Basel city council electionsSP and SVP make gains - LDP loses
SDA
21.10.2024 - 06:55
The SP was the strongest party in the Basel cantonal elections on Sunday, gaining one seat, while the Greens remain stable.
21.10.2024, 06:55
SDA
The SP was the strongest party in the Basel cantonal elections on Sunday, gaining one seat, while the Greens remain stable. The previously leading bourgeois party, the LDP, lost two seats and was overtaken by the SVP in terms of voter strength, as the final results from Sunday evening showed. However, there are no major shifts.
With 31 seats, the SP remains the strongest parliamentary group in the Grand Council, although it has lost ground in terms of voter share. This amounted to 29.2%, 0.8 percentage points less than in the 2020 elections. Nevertheless, the SP gained one seat. SP President Lisa Mathys told the Keystone-SDA news agency that the result was a vote of confidence from voters in the parliamentary work of recent years.
Mathys added that the SP's successes on issues such as the cantonal minimum wage, childcare funding and climate targets had certainly contributed to this. However, as the red-green party still does not have a majority in the Grand Council despite winning seats and therefore needs allies to find solutions that are capable of winning a majority, not much will change in parliamentary work.
SVP scores with security issues
The SVP also won the election. It was able to increase its voter share from 11% to 13.3%. This means that it, and no longer the LDP, is the strongest conservative force in the canton. It was able to increase its number of seats from 11 to 12.
Like the SP, however, it was not quite able to make up for the loss of 4 seats in the 2020 elections. "We scored well in the election campaign with the issue of security," said SVP party president Pascal Messerli, explaining the reasons for the good result.
The loser in the middle-class bloc is the Basel-specific LDP. It lost 2 seats and had to settle for a voter share of 12.4 percent (1.7 percentage points less). In her explanation for this result, LDP party president Patricia von Falkenstein came to a similar conclusion to Messerli.
The security and migration issues in the SVP's election campaign had probably helped it to overtake the LDP. However, von Falkenstein emphasized that her party remains the strongest civic group in parliament - thanks to the representative of the small local party "Aktives Bettingen".
Still two blocks with the GLP in between
The Green Liberals' voter share shrank from 7.8 to 6.8 percent. Although they are now only represented in parliament by 7 instead of 8 people, their role is unlikely to change much. With 49 seats, the left-wing party is facing a middle-class block of 43 seats.
Party President Serge Meyer told the Keystone-SDA news agency that he was satisfied that the GLP would still be able to play the role of tongues on the scales.
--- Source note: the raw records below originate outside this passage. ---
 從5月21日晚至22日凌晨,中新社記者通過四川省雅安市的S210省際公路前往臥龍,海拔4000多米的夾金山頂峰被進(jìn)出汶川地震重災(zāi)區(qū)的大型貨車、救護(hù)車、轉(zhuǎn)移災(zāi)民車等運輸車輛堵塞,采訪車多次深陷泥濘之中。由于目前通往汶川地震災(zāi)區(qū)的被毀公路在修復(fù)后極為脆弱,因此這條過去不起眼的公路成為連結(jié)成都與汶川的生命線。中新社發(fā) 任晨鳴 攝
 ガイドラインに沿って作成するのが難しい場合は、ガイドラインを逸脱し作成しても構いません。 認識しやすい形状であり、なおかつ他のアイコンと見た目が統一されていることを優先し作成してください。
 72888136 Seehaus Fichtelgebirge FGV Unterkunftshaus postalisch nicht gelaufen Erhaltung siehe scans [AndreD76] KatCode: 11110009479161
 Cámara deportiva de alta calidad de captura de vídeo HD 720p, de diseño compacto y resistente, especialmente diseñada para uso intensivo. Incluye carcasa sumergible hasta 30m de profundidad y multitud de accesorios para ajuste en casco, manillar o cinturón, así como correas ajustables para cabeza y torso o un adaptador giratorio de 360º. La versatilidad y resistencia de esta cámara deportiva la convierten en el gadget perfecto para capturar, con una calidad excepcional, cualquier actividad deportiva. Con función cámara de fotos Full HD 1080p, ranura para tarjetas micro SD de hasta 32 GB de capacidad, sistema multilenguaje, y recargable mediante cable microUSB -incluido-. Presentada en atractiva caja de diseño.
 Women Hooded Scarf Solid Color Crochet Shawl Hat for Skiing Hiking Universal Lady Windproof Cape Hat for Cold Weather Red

A novelty was that this time the Greens and the left-wing party Basta ran on their own and no longer as the Green-Alternative Alliance with a joint list.
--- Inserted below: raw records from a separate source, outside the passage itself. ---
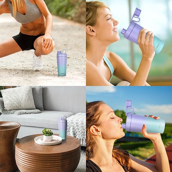 - 【UNPARALLELED INSULATION】Stainless steel shaker bottles are double wall vacuum insulated, keeps cold drinks up to 24+ hours cold and keeps hot drinks up to 12 hours warm, ensuring that you can have a refreshing or warm drink anytime you want. The Toofeel's bottle insulated double wall helps prevent sweating, so you can enjoy your drinks without any excess moisture on the outside of the bottle. Experience the next level of beverage enjoyment with our metal insulated shaker cups.
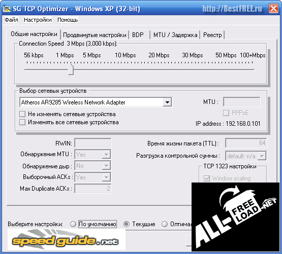 Стоит отметить, что программа поддерживает полноценную работу с различными типами интернет-подключения, начиная от модемного и заканчивая кабельным соединением. Утилита также позволяет вносить всевозможные изменения в ToS, RWIN и даже QoS.
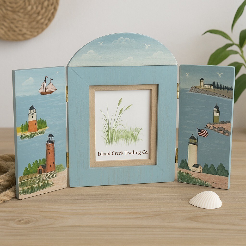 - Island Creek Trading Co. Lighthouse Coastal Fold-Out Wooden Picture Frame – Naut
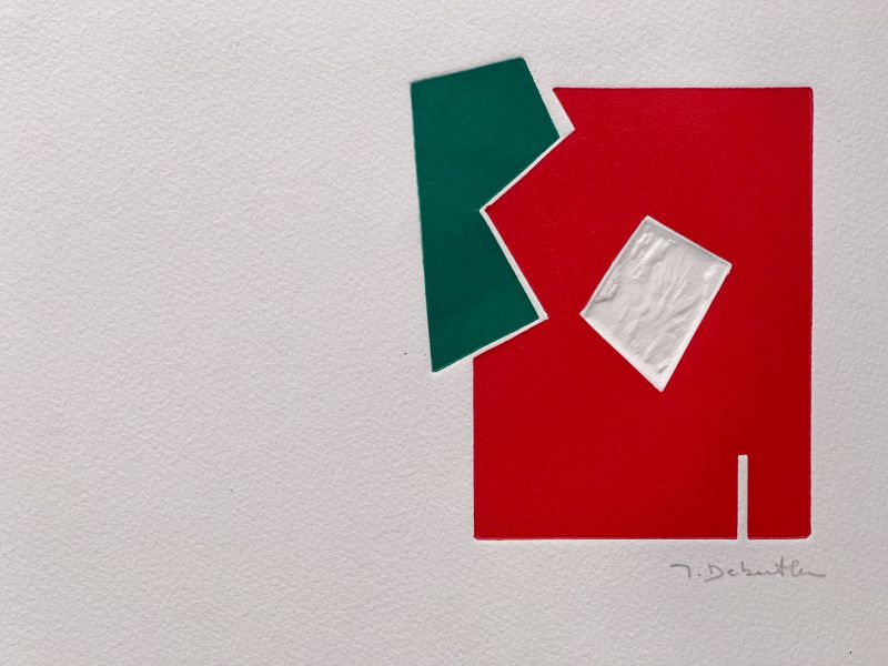 フランスの抽象画家 Jacqueline Debutler(ジャクリーヌ・デビュトレール) による版画作品《Vite !(早く!)》は、戦後フランス抽象芸術の流れに位置する幾何学的抽象の感覚を示す作品です。
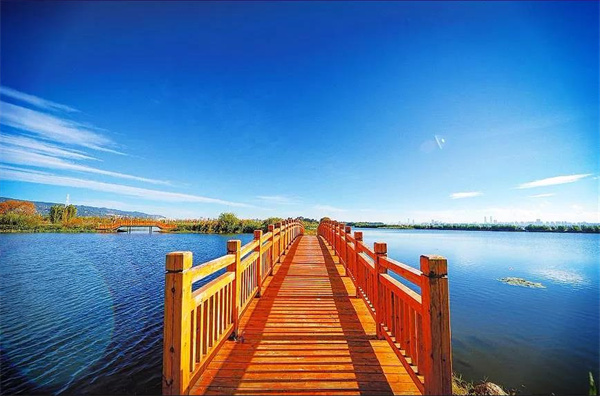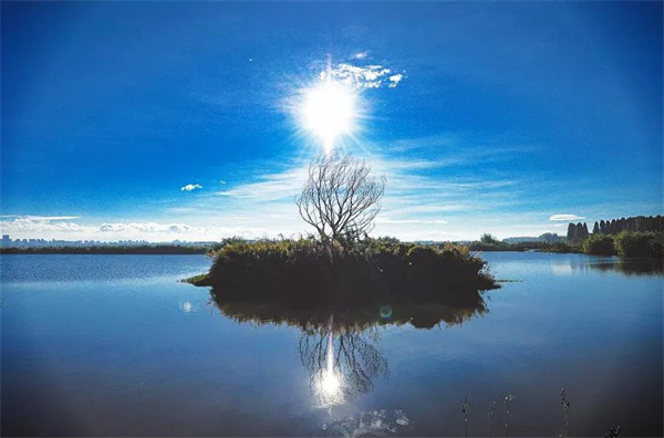冬季的濕地有著自己的色彩,云影天光倒影在水面上,寂靜、空靈,別有一番韻味,微風(fēng)中徐徐搖曳的蘆葦,還有草叢中盛開(kāi)的野花,交叉棧道蜿蜒在一片波光粼粼中,無(wú)不訴說(shuō)著王家堆濕地冬季的故事。
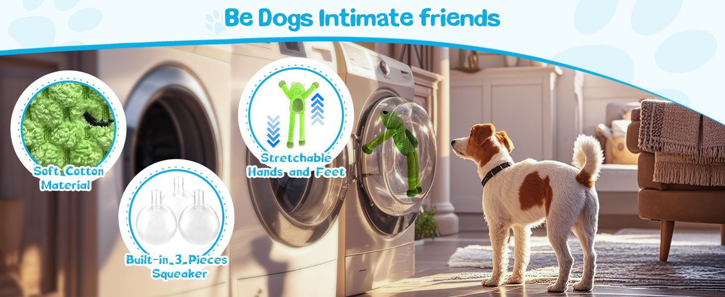 - 【Interactive Dog Toys】Unique frog design and bright colors can draw your dogs attention to chew for hours,which is perfect for small,medium and large dogs, allows the pulling of arms and limbs back and forth through the toy body and has a maximum stretch length of 29 inches
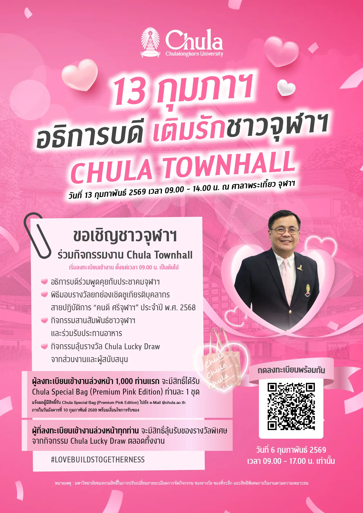 ยังไม่เปิดลงทะเบียน งาน Chula Townhall อธิการบดีพบรักชาวจุฬาฯ วันที่: 13 กุมภาพันธ์ 2569 เวลา: 09.00 – 14.00 น. สถานที่: ศาลาพระเกี้ยว จุฬาลงกรณ์มหาวิทยาลัย กิจกรรมภายในงาน: เริ่มลงทะเบียนเข้างาน ตั้งแต่เวลา
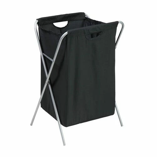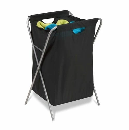 Honey-Can-Do HMP-01635 Folding Xframe Hamper, black. A sleek laundry solution, this black and matte steel x-frame hamper has a foldable frame. When not in use, this hamper folds to flat so it can be quickly and easily moved or stowed away. The nylon cloth bag features built in handles for carrying full loads to the laundry room. The steel frame is both sturdy and rust-resistant.
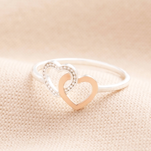 Sterling Silver Double Gemstone Heart Ring in Rose Gold S/M
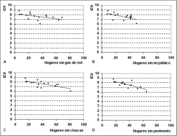 público cercano, C) porcentaje de hogares sin cloacas y D)
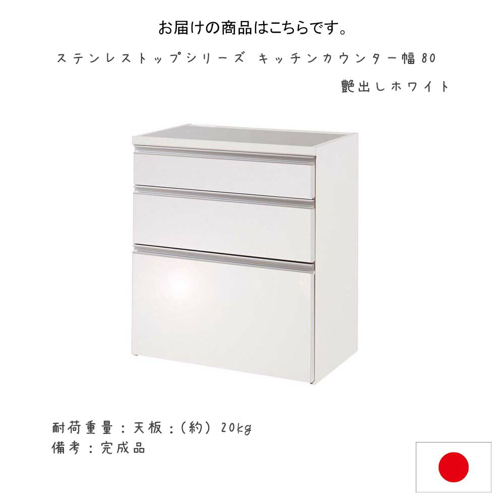 ≪日本製≫『ステンレストップシリーズ キッチンカウンター幅80 艶出しホワイト』キッチンカウンター キッチン収納 レンジ台 カウンターテーブル レンジボード食器棚 引出し 引き出し ステンレスキッチンカウンター 白 ホワイト 艶あり 光沢
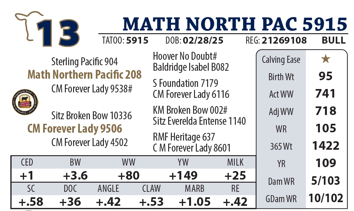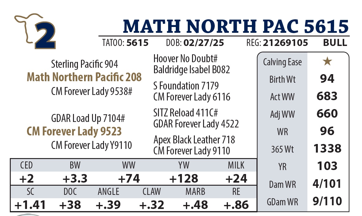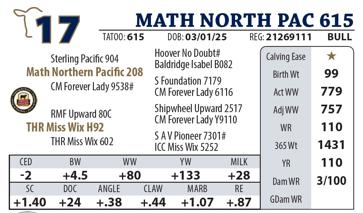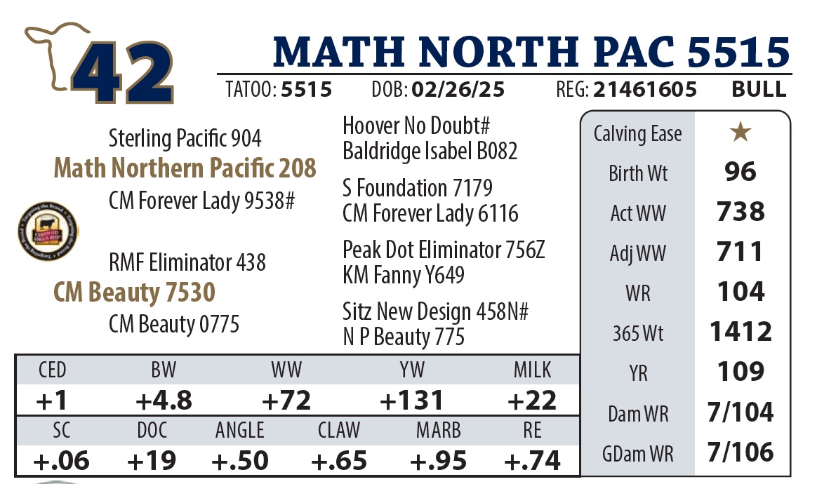 | MATH NORTH PAC 615 | 17Y | YEARLING BULL | Another Northern Pacific standout that balances eye appeal with “meat and potatoes” carcass numbers. His pedigree traces back to a highselling Y9110 son, proving the quality is bred deep. |

Even separately, the two parties were able to retain their total of 18 seats with a voter share of 11 and 6.7 percent respectively. Overall, this is 1.1 percentage points more than the alliance achieved four years ago.
In contrast to the canton of Aargau on today's election Sunday and the national trend, the Greens did not suffer any losses. Basta gained 6 seats, making it a new independent party with parliamentary group strength.
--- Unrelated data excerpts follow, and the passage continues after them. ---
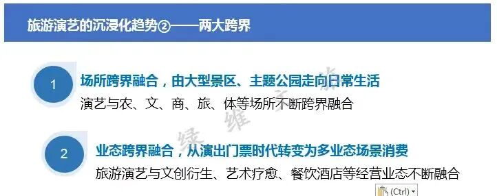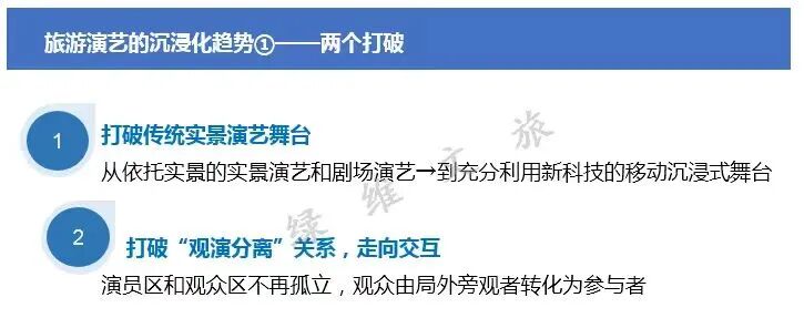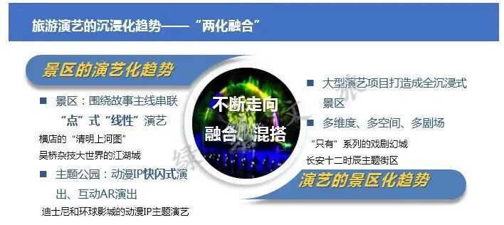 旅游无处不演艺,自然景观、文物、民俗文化,都要用表演去体现 、用表演去激活,泛演艺化的理念+ 泛演艺化的手法+泛剧场化的手段,成为打开城市休闲新场景、旅游消费结构最重要的要素。
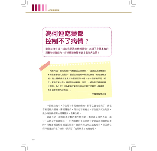 本書整合現代人因快速繁忙的生活,容易導致的各種健康狀況,
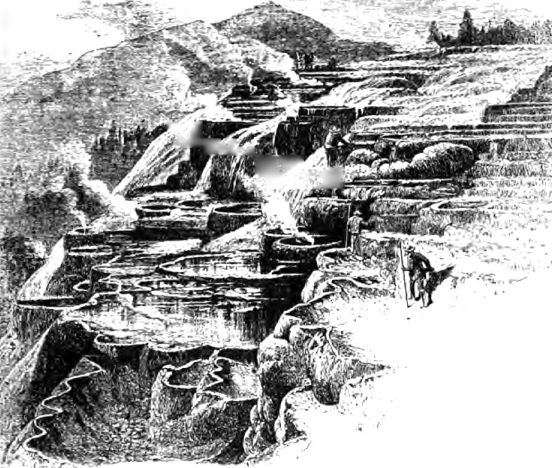 В сущности, это обыкновенная гора, по склонам которой расположены минеральные источники с известковою водой. В продолжение тысячелетий отложения углекислого кальция образовали систему бассейнов, стенки которых представляют снаружи ряды сросшихся сталактитов, окрашенных в самые разнообразные оттенки красного, желтого и голубоватого цветов. Все бассейны, диаметр которых от 1 фута до 20 саженей, наполнены до самых краев горячею водою, которая медленно прибывает из каналов на дне, изливается наружу, переходить в нижележащие бассейны и образует упомянутые сталактиты. Хотя собственно горячих ключей насчитывается тут не более 50-ти, но бассейнов всевозможных размеров и цветов тут бесчисленное множество. Верхние, и вообще бассейны с источником на дне, наполнены кипятком, и из них валит пар, а нижние, или, так сказать, бассейны второго и высших порядков, наполнены водою более или менее охлажденною. Прозрачность воды удивительная и отдает большею частью небесно-голубым цветом. В ней с поразительною ясностью отражается небо со всеми облаками. Красоте зрелища способствует еще и то, что во всех бассейнах вода не стоячая, а медленно текущая, переливающаяся за плоские ровные края и находящаяся в постоянной вибрации. Вместе с тем самое дно этих мелких бассейнов видно с замечательною отчетливостью, а оно представляет те же углекальциевые отложения самых разнообразных и причудливых рисунков в виде рубчиков, концентрических кругов и т. п. Рисунки эти так красивы и оригинальны, а вместе с тем так необыкновенны, что едва ли возможно передать их резцом или кистью. Наружные стенки бассейнов кажутся чрезвычайно правильными, гофрированными и плотно прижатыми друг к другу колонками. Высота их весьма различна, от нескольких дюймов до 2–3 саженей. Стенки, конечно, чрезвычайно чисты, потому что они непрерывно смачиваются медленно текущею по ним водою. Влажный вид придает им характер льда или леденцов, по крайней мере, вблизи; издали же, как я заметил уже выше, отдельные бассейны кажутся снизу замерзшими каскадами, а сверху поставленными друг на друга фарфоровыми блюдами, наполненными снятым молоком, или, наконец, напоминают какое-то гигантское и затейливое произведение кондитерского искусства.
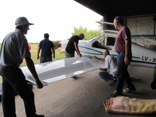 Colocando las fundas a las alas para protegerlas en el traslado

Small party EPP makes gains
The FDP and the Center Party remain equally strong in the town hall. The Liberals achieved a voter share of 7.9% - only slightly less than four years ago. The Center Party remained stable at 7 seats and increased its voter share by 0.4 percentage points to 6.7%.
Their parliamentary group partners from the small party EPP increased their previous 3 seats to 4 with almost the same voter share of 3.6%. It is just not enough for the parliamentary group strength.
The far-right People's Action Party, whose parliamentarian Eric Weber is not a member of any parliamentary group, is still represented with 1 seat.
Voter turnout was 41.3 percent. This is lower than four years ago, when it was 43.5 percent in the parliamentary elections.